● **YOUR INSTRUCTIONS**
Set down the records exactly as they stand, except for any pictures, which you should omit.

● **RECORDS TO USE**

###

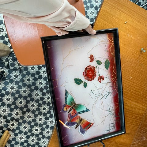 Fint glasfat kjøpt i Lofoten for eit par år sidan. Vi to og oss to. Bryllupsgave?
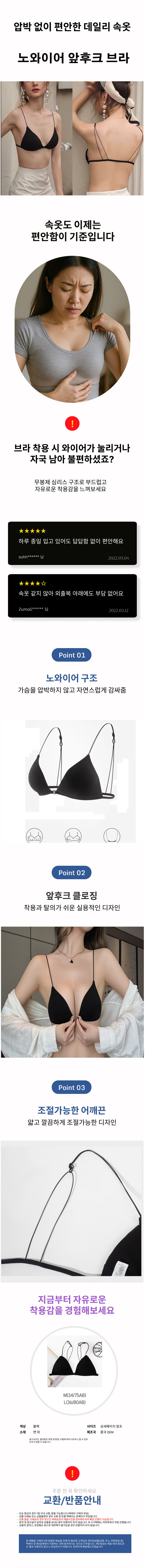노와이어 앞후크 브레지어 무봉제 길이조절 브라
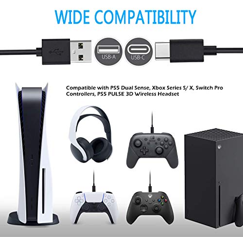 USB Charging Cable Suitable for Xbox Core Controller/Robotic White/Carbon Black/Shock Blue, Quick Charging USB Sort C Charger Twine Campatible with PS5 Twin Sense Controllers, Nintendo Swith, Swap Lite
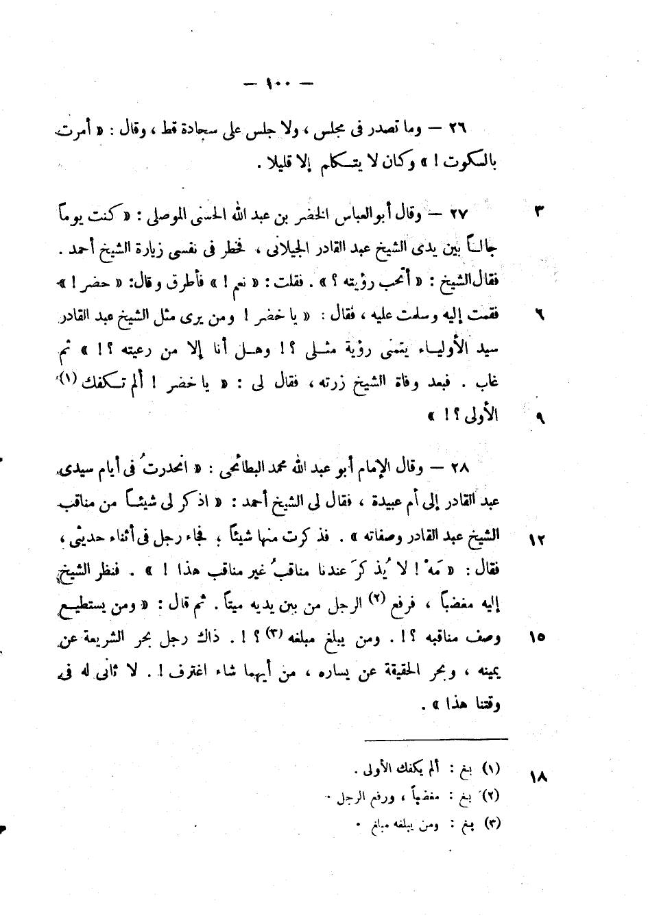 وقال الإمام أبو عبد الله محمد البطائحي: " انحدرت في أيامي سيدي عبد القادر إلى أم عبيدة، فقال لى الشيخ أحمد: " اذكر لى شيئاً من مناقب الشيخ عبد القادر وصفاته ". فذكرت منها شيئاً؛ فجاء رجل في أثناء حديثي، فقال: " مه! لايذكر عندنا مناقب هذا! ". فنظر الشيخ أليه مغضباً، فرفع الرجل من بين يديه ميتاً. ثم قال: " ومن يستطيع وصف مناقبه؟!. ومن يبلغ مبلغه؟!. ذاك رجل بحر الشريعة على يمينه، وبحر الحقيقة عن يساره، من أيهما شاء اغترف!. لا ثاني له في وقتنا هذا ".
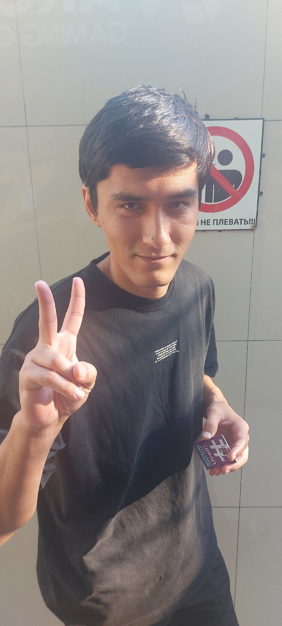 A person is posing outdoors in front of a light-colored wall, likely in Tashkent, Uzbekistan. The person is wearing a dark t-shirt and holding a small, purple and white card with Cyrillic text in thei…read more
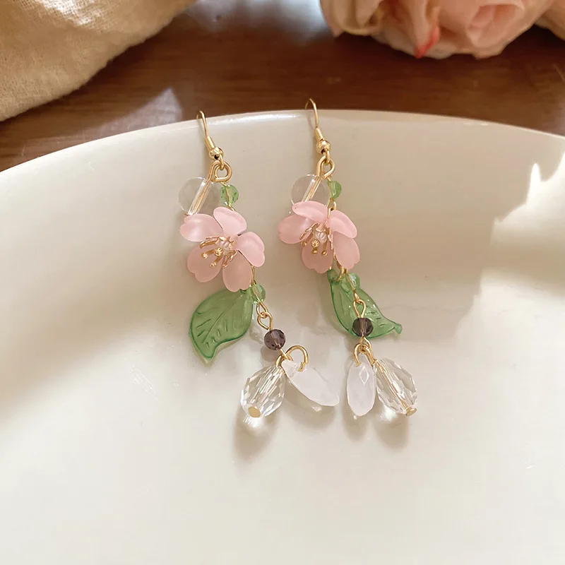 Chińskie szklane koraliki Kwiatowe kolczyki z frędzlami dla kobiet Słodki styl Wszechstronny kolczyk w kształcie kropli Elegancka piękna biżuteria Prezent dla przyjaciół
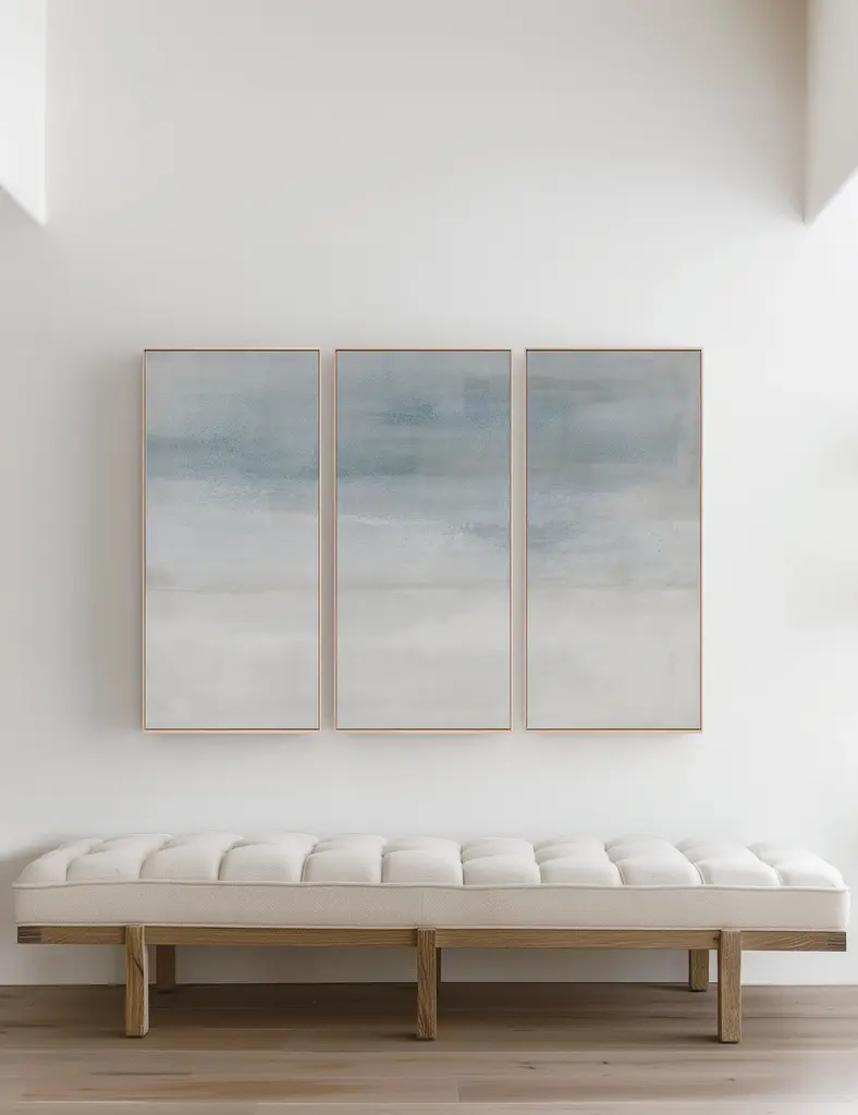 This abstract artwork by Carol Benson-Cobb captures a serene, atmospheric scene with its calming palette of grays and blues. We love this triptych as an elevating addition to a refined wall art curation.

###

● **OUTPUT OF THE TASK**
 Fint glasfat kjøpt i Lofoten for eit par år sidan. Vi to og oss to. Bryllupsgave?
노와이어 앞후크 브레지어 무봉제 길이조절 브라
 USB Charging Cable Suitable for Xbox Core Controller/Robotic White/Carbon Black/Shock Blue, Quick Charging USB Sort C Charger Twine Campatible with PS5 Twin Sense Controllers, Nintendo Swith, Swap Lite
 وقال الإمام أبو عبد الله محمد البطائحي: " انحدرت في أيامي سيدي عبد القادر إلى أم عبيدة، فقال لى الشيخ أحمد: " اذكر لى شيئاً من مناقب الشيخ عبد القادر وصفاته ". فذكرت منها شيئاً؛ فجاء رجل في أثناء حديثي، فقال: " مه! لايذكر عندنا مناقب هذا! ". فنظر الشيخ أليه مغضباً، فرفع الرجل من بين يديه ميتاً. ثم قال: " ومن يستطيع وصف مناقبه؟!. ومن يبلغ مبلغه؟!. ذاك رجل بحر الشريعة على يمينه، وبحر الحقيقة عن يساره، من أيهما شاء اغترف!. لا ثاني له في وقتنا هذا ".
 A person is posing outdoors in front of a light-colored wall, likely in Tashkent, Uzbekistan. The person is wearing a dark t-shirt and holding a small, purple and white card with Cyrillic text in thei…read more
 Chińskie szklane koraliki Kwiatowe kolczyki z frędzlami dla kobiet Słodki styl Wszechstronny kolczyk w kształcie kropli Elegancka piękna biżuteria Prezent dla przyjaciół
 This abstract artwork by Carol Benson-Cobb captures a serene, atmospheric scene with its calming palette of grays and blues. We love this triptych as an elevating addition to a refined wall art curation.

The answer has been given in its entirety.